How does all this information help in the treatment of SLE?
Patients with SLE are treated with nonsteroidal antiinflammatory drugs, antimalarial agents, glucocorticoids, and immunosuppressive drugs, including cyclophosphamide, azathioprine, methotrexate, and mycophenolate mofetil. The choice of the drug is determined largely by the severity of the disease and the function of the involved organ.
Cyclophosphamide pulses (intravenous infusions every month or bimonthly at lower doses) are effective in the treatment of lupus nephritis, although there are serious potential side effects, including bone marrow suppression, infections, and gonadal suppression. Mycophenolate mofetil has considerable therapeutic value with few side effects, but its long-term effects with respect to the preservation of kidney function are unproven.
Blockade of BLyS with an anti-BLyS antibody results in a small but significant beneficial clinical effect within the first year of treatment in patients with mild or moderate disease. This antibody (belimumab) is approved by the Food and Drug Administration for use in the treatment of lupus.
A monoclonal antibody against the interleukin-6 receptor (tocilizumab) was judged to be promising in a phase 1 clinical trial.
Complement activation is profoundly increased in patients with SLE, and inhibition of C5 with an antibody (eculizumab), which has proved efficacious in the treatment of paroxysmal nocturnal hemoglobinuria, is being considered.
A chimeric anti-CD20 antibody (rituximab) has shown initial promise in small studies and case series involving patients with SLE, but a trial of rituximab in patients with moderate-to-severe SLE failed to reach its primary end points.
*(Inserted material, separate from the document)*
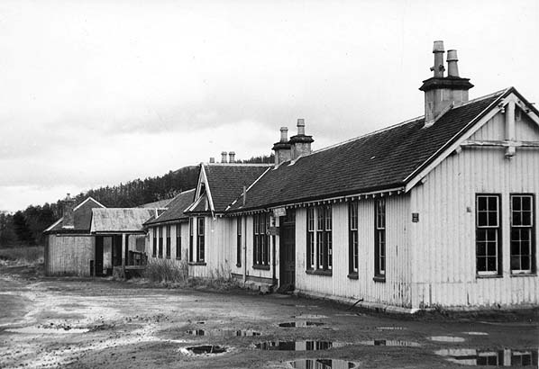 ![]() Station Name: STRATHPEFFERStrathpeffer station forecourt looking east in April 1972. The canopy projecting into the station forecourt was added in LMS days. The goods shed is seen in the background.

Inhibitors of the nuclear factor of activated T cells (NFAT), such as tacrolimus, may benefit patients with SLE, as should dipyridamole, which along with its antiplatelet function inhibits calcineurin-mediated NFAT activity. The mammalian target of rapamycin (mTOR), which plays a role in several key metabolic pathways, is increased in T cells of patients with SLE, and treatment of cells with rapamycin (i.e., sirolimus) corrects the signaling process.